## To do:
Find the line containing "The Rockland Park" in the material below, then please transcribe it and each line after it exactly, without the pictures.

## Exercise inputs:
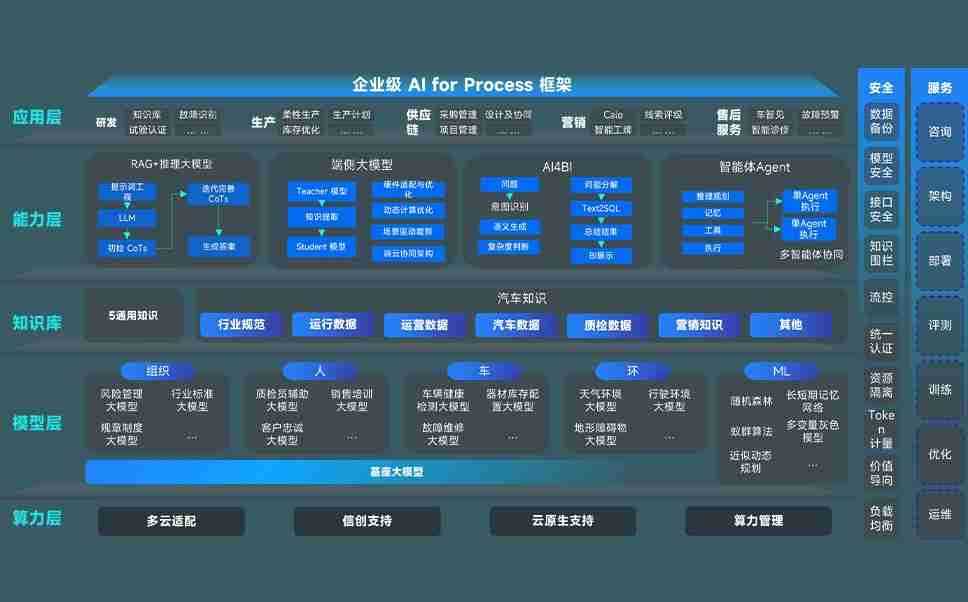 AG尊龙凯时问学智车解决方案是一套基于AI技术的汽车行业智能化系统,,覆盖从底层算力到顶层AI应用的全栈方案。。。方案由算力层、、模型层和应用层组成:算力层,,,方案支持多种一体机配置,,具备云端灵活部署、、、多云适配以及动态优化计算资源的能力;模型层,,,AG尊龙凯时问学平台版提供了企业级AI应用一站式构建与管理平台,,,支持基于后训练强化技术的汽车企业专属模型的训练、、、、评测和运营;应用层,,,AG尊龙凯时问学DeepSeek版提供包括超级员工、、智能招采、、智能营销、、、智能客服、、、AI for BI等一系列解决方案,,,可助力汽车行业实现数字化转型,,让管理更智能、、响应更敏捷。。。。
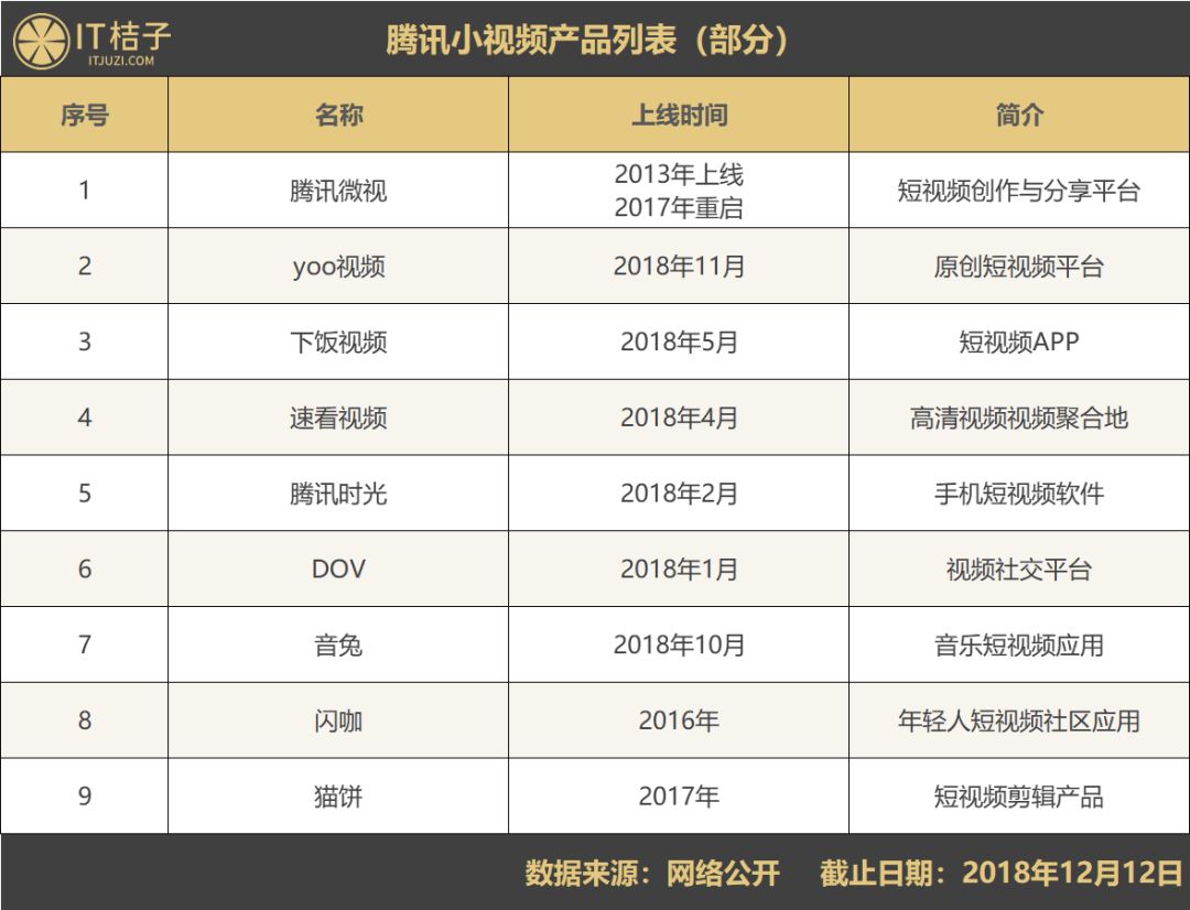 IT 桔子统计显示,截止 2018 年 12 月 12 日,头条共发布四款小视频产品,分别是:西瓜视频、火山小视频以及抖音,还有快拍腾讯方面,共计发布 9+款小视频产品:腾讯微视、yoo 视频、下饭视频、速看、腾讯时光、DOV、音兔、闪咖、猫饼……
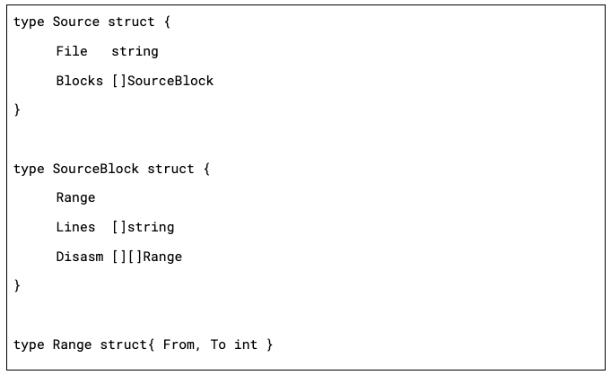 Most of the data munging is: collect all the source lines, convert them into ranges, expand the ranges (for the surrounding context). We also need to do it in reverse: figure out which lines in disassembly correspond to the source code. Note that each source line can correspond to multiple disassembly lines, and they might not be contiguous.
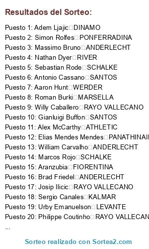 Lista de participantes: Gareth Bale SANTOS, Alessio Cerci SANTOS, Aaron Cresswell SANTOS, Antonio Cassano SANTOS, Antonio Luna SANTOS, Christian Maggio SANTOS, Clemente Rodriguez SANTOS, Doris Salomo Fuakuputu SANTOS, Dede SANTOS, Gianluigi Buffon SANTOS, Hajime Hosogai SANTOS, Ivan Rakitic SANTOS, Lerin Duarte SANTOS, Luiz Gustavo Dias SANTOS, Martin Caceres SANTOS, Nacho Martinez SANTOS, Neymar SANTOS, Osvaldo Alonso SANTOS, Ralf Fahrmann SANTOS, Ricardo Quaresma SANTOS, Robert Lewandowski SANTOS, Ronaldinho SANTOS, Sherman Cardenas SANTOS, Stefan Radu SANTOS, Tiago Ilori SANTOS, Vlad Chiriches SANTOS, Zlatan Ibrahimovic SANTOS, Marc-Andre ter Stegen SHAKHTAR, Renan do Santos SHAKHTAR, Nedum Onuoha SHAKHTAR, Lucas Digne SHAKHTAR, Mattia De Sciglio SHAKHTAR, Matthias Ginter SHAKHTAR, Sylvain Distin SHAKHTAR, Mats Hummels SHAKHTAR, Fabian Schar SHAKHTAR, Pedro Obiang SHAKHTAR, Marco Verratti SHAKHTAR, Aaron Ramsey SHAKHTAR, Paulinho SHAKHTAR, Markovic SHAKHTAR, Aquino SHAKHTAR, Adel Taarabt SHAKHTAR, Juan Fernando Quintero SHAKHTAR, Lucas Piazon SHAKHTAR, Domenico Berardi SHAKHTAR, Raheem Sterling SHAKHTAR, James Rodriguez SHAKHTAR, Luis Suarez SHAKHTAR, Jozy Altidore SHAKHTAR, Lorenzo Insigne SHAKHTAR, Alvaro Morata MARSELLA, Bernd Leno MARSELLA, Chris Smalling MARSELLA, Cristian Rodriguez MARSELLA, Cristian Zapata MARSELLA, Isco Alarcon MARSELLA, Kelvin Mateus de Oliveira MARSELLA, Konstantinos Mitroglou MARSELLA, Marco Reus MARSELLA, Matheus Doria MARSELLA, Mauricio Isla MARSELLA, Memphis Depay MARSELLA, Nacho Fernandez MARSELLA, Paul Pogba MARSELLA, Roman Burki MARSELLA, Ross Barkley MARSELLA, Steven Caulker MARSELLA, Tonny Trindade de Vilhena MARSELLA, Dennis Aogo MARSELLA, Alex Rodrigo MARSELLA, Danilo Luiz MARSELLA, Alexandre Lacazette SCHALKE, Aymen Abdennour SCHALKE, Benoit Costil SCHALKE, Carlos Bacca SCHALKE, Fernando Lucas Martins SCHALKE, Ivan Perisic SCHALKE, Jean-Armel Kana-Biyik SCHALKE, Jonathan Pitroipa SCHALKE, Kevin Theophile-Catherine SCHALKE, Mame Diouf SCHALKE, Marcos Rojo SCHALKE, Mario Mandzukic SCHALKE, Nicola Leali SCHALKE, Nenad Tomovic SCHALKE, Sofiane Feghouli SCHALKE, Ricardo Van Rhijn SCHALKE, Romain Alessandrini SCHALKE, Sebastian Rode SCHALKE, Serge Aurier SCHALKE, Siem De Jong SCHALKE, Stephane Ruffier SCHALKE, Yann M'Vila SCHALKE, Adil Rami ANDERLECHT, Alex Sandro Lobo Silva ANDERLECHT, Dimitar Berbatov ANDERLECHT, Maximilian Arnold ANDERLECHT, Brad Friedel ANDERLECHT, Clement Grenier ANDERLECHT, Ezequiel Lavezzi ANDERLECHT, Fabio Deivson Lopes Maciel ANDERLECHT, German Denis ANDERLECHT, Joao Miranda de Souza ANDERLECHT, Marco Sau ANDERLECHT, Marcos (Marquinhos) Aoas Correa ANDERLECHT, Massimo Bruno ANDERLECHT, Mathew Ryan ANDERLECHT, Matias Suarez ANDERLECHT, Nuri Sahin ANDERLECHT, Sebastian Jung ANDERLECHT, Serigne Kara Mbodj ANDERLECHT, Aaron Lennon ANDERLECHT, Leroy Fer ANDERLECHT, William Carvalho ANDERLECHT, Daniele De Rossi ANDERLECHT, Andres Fernandez SWANSEA, Daniel Carvajal SWANSEA, Ashley Williams SWANSEA, Jan Vertonghen SWANSEA, Alberto Moreno SWANSEA, Mikel Arteta SWANSEA, Koke Resurrección Merodio SWANSEA, Iker Muniain SWANSEA, Kevin De Bruyne SWANSEA, Jese Rodriguez SWANSEA, Stevan Jovetic SWANSEA, Joel Robles SWANSEA, Alvaro Gonzalez SWANSEA, Diego Reyes SWANSEA, Luis Pedro Cavanda SWANSEA, Carlos Henrique Casemiro SWANSEA, Vicente Iborra SWANSEA, Marko Marin SWANSEA, Leo Baptistao SWANSEA, Adrian San Miguel del Castillo BETIS, Alejandro Arribas BETIS, Alvaro Vadillo BETIS, Bruno Alves BETIS, Cedric Soares BETIS, Didac Vila BETIS, Diego Costa BETIS, Erik Lamela BETIS, Jesus Joaquin Suso BETIS, Joan Verdu BETIS, Joel Campbell BETIS, Jose Alberto Cañas BETIS, Juan Carlos Perez BETIS, Mario Balotelli BETIS, Miralem Pjanic BETIS, Miroslav Stoch BETIS, Nono Delgado Villar BETIS, Nosa Igiebor BETIS, Ruben Castro BETIS, Sebastien Bassong BETIS, Sebastien Corchia BETIS, Thibaut Courtois BETIS, Morgan Schneiderlin BETIS, Jo Alves de Assis Silva RAYO VALLECANO, Abel Hernandez RAYO VALLECANO, Danny Welbeck RAYO VALLECANO, Davide Santon RAYO VALLECANO, Edgar Barreto RAYO VALLECANO, Edigio Arevalo RAYO VALLECANO, Fabricio Coloccini RAYO VALLECANO, Federico Balzaretti RAYO VALLECANO, Jasmin Kurtic RAYO VALLECANO, Javier Pastore RAYO VALLECANO, Joleon Lescott RAYO VALLECANO, Josip Ilicic RAYO VALLECANO, Mattia Destro RAYO VALLECANO, Michel Morganella RAYO VALLECANO, Nicolas Viola RAYO VALLECANO, Paulo Dybala RAYO VALLECANO, Philippe Coutinho RAYO VALLECANO, Samir Ujkani RAYO VALLECANO, Santiago Garcia RAYO VALLECANO, Sebastian Sosa RAYO VALLECANO, Shay Given RAYO VALLECANO, Steve Von Bergen RAYO VALLECANO, Willy Caballero RAYO VALLECANO, Xabi Prieto RAYO VALLECANO, Alan Kasaev RUBIN, Amidu Salifu RUBIN, Armindo Tue Na Bangna (Bruma) RUBIN, Bibras Natkho RUBIN, Cristian Ansaldi RUBIN, Jan Kirchhoff RUBIN, Javier Chicharito RUBIN, Joris Delle RUBIN, Jose Salomon Rondon RUBIN, Lukasz Piszczek RUBIN, Luke Shaw RUBIN, Marco Andreolli RUBIN, Moussa Konate RUBIN, Nicolas Lopez RUBIN, Roman Eremenko RUBIN, Salvatore Bocchetti RUBIN, Salvatore Sirigu RUBIN, Semih Kaya RUBIN, Sergey Ryzhikov RUBIN, Grzegorz Krychowiak RUBIN, Darrent Bent RUBIN, Yasine Benzia RUBIN, Gonzalo Castro RUBIN, Oliver Torres MONACO, Nemanja Vidic MONACO, Adnan Januzaj MONACO, Andrea Seculin MONACO, Angel Di Maria MONACO, Balde Diao Keita MONACO, Daniel Sturridge MONACO, Diego Contento MONACO, Felipe Mattioni MONACO, Gregory Van der Wiel MONACO, Javi Lopez MONACO, Jose Manuel Pinto MONACO, Mamadou Sakho MONACO, Márcio Rafinha MONACO, Oscar De Marcos MONACO, Raul Rodriguez MONACO, Rodrigo Moreno MONACO, Samir Nasri MONACO, Shkodran Mustafi MONACO, Victor Valdes MONACO, Alex Song MONACO, Alvaro Negredo MONACO, Sergi Roberto MONACO, Alvaro Arbeloa FIORENTINA, Ambrosini FIORENTINA, Borja Valero FIORENTINA, Fernando Torres FIORENTINA, Gonzalo Rodriguez FIORENTINA, Marcos Alonso FIORENTINA, Mario Gomez FIORENTINA, Matos FIORENTINA, Mkhitaryan FIORENTINA, Aranzubia FIORENTINA, Neto FIORENTI
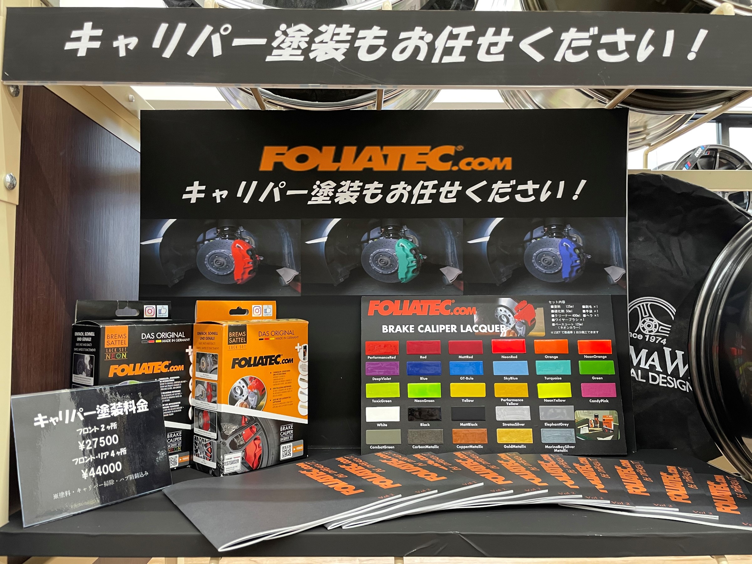 当店大人気のブレーキキャリパー塗装ですが、色味がよく分からなかったり、どれだけ種類があるのかなどのお問い合わせも多かったのでカラーサンプルを用意しました!
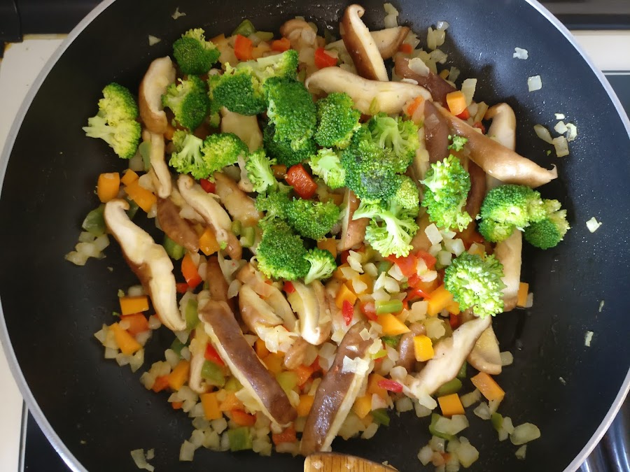 Separamos las flores del brócoli y las añadimos a las verduras. Salteamos a fuego medio 2-3 minutos.
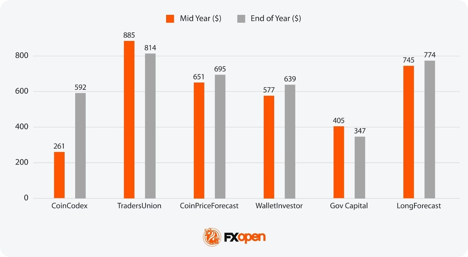 ● أكثر التوقُّعات تفاؤلًا: 885 دولار (وفق منصَّة TradersUnion)
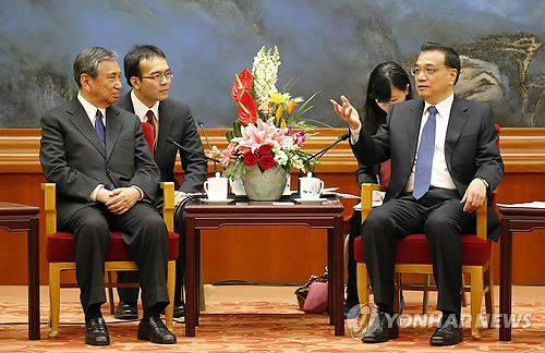 (도쿄=연합뉴스) 조준형 특파원 = 리커창(李克强) 중국 총리는 14일 고노 요헤이(河野洋平) 전 일본 관방장관이 이끄는 일본 국제무역촉진협회 방중단과 만나 양국 관계 개선에 대한 의욕을 보였다고 교도통신이 보도했다.
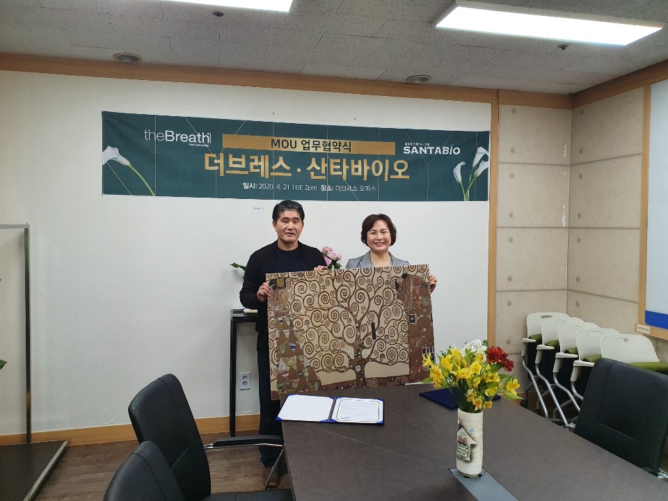 2020년 4월 21일 화요일 오후 2시 구로 에이스트윈타워 1차 409호 더브레스 오피스에서 국민생활환경개선을 통한 국민생활복지향상을 실천하는 스마트혁신기업 더브레스와 젊음을 선물하는 기업 산타바이오의 업무협약식이 진행되었다.
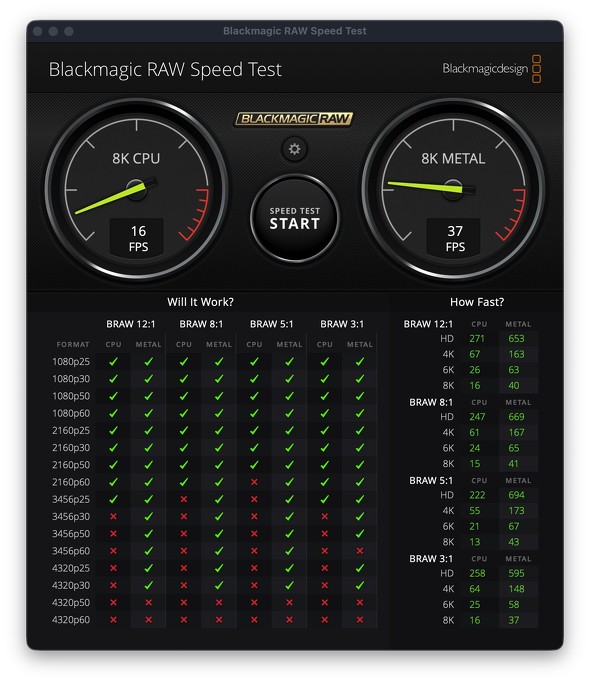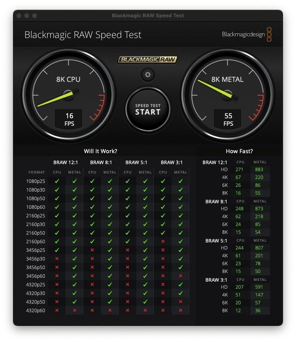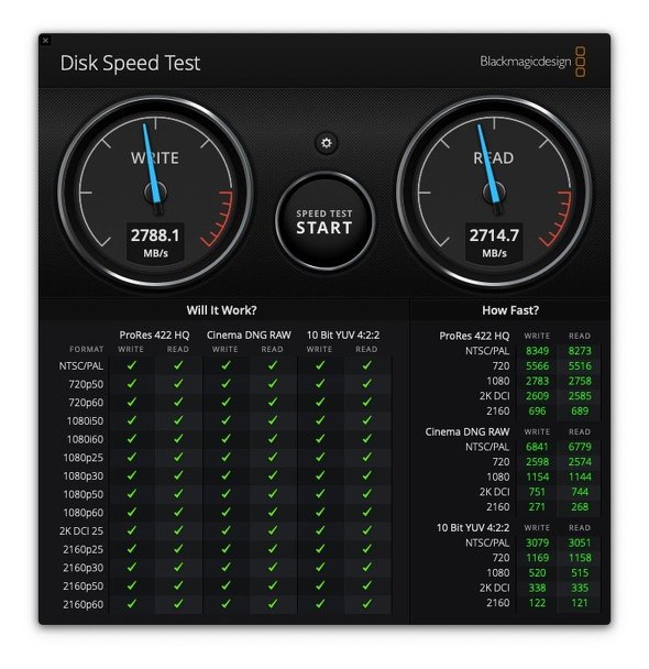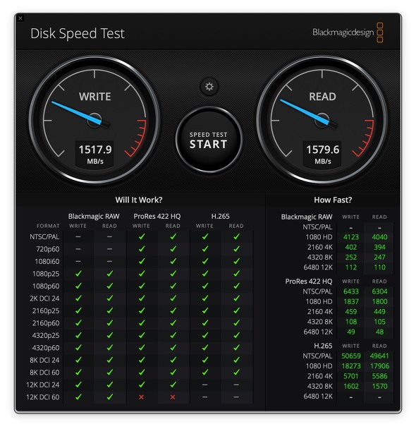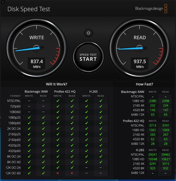 いつものように「Blackmagic Disk Speed Test」を使って、SSDの性能を測定してみた。速度的には「ProRes 422 HQ」で12K DCI 24pぐらいまではどうにかクリアできるが、60pになると厳しいようだ。一方「Blackmagic RAW」であれば、12K DCI 60pまで読み書きできるようである。
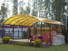 Vorteile - einfache Installation, die Schaffung eines einzigen Raumes mit der umgebenden Natur, zuverlässiger Schutz vor Niederschlägen. Nachteile - Luftströmung, Betrieb nur im Sommer, ungehindertes Eindringen von Insekten.
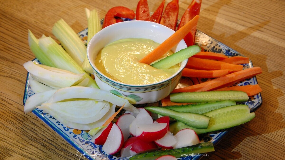 Подготовленные овощи выложить на тарелку, в центр поместить пиалу с соусом айоли.
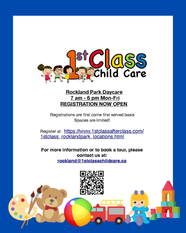 The Rockland Park Homeowners Association is excited to announce a very special partnership with 1st Class Childcare! 1st Class Childcare will be operating a Daycare out of the Lodge…in your backyard of Rockland Park, commencing March 1, 2025!  Registration is now open, with priority given to Rockland Park residents. Check out the link below, for more details and to register:
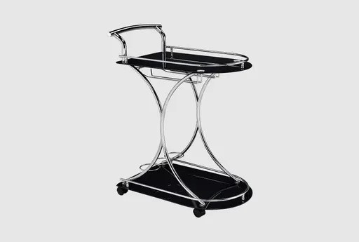 Introducing the Modern 2-Shelve Chrome Silver Metal Black Rolling Kitchen Bar Cart. This sleek and stylish bar cart is perfect for your dining room or kitchen, offering both functionality and modern design. With its metal and glass construction, this bar cart is built to last and will be a chic addition to your home.

## Answer for the task:
 The Rockland Park Homeowners Association is excited to announce a very special partnership with 1st Class Childcare! 1st Class Childcare will be operating a Daycare out of the Lodge…in your backyard of Rockland Park, commencing March 1, 2025!  Registration is now open, with priority given to Rockland Park residents. Check out the link below, for more details and to register:
 Introducing the Modern 2-Shelve Chrome Silver Metal Black Rolling Kitchen Bar Cart. This sleek and stylish bar cart is perfect for your dining room or kitchen, offering both functionality and modern design. With its metal and glass construction, this bar cart is built to last and will be a chic addition to your home.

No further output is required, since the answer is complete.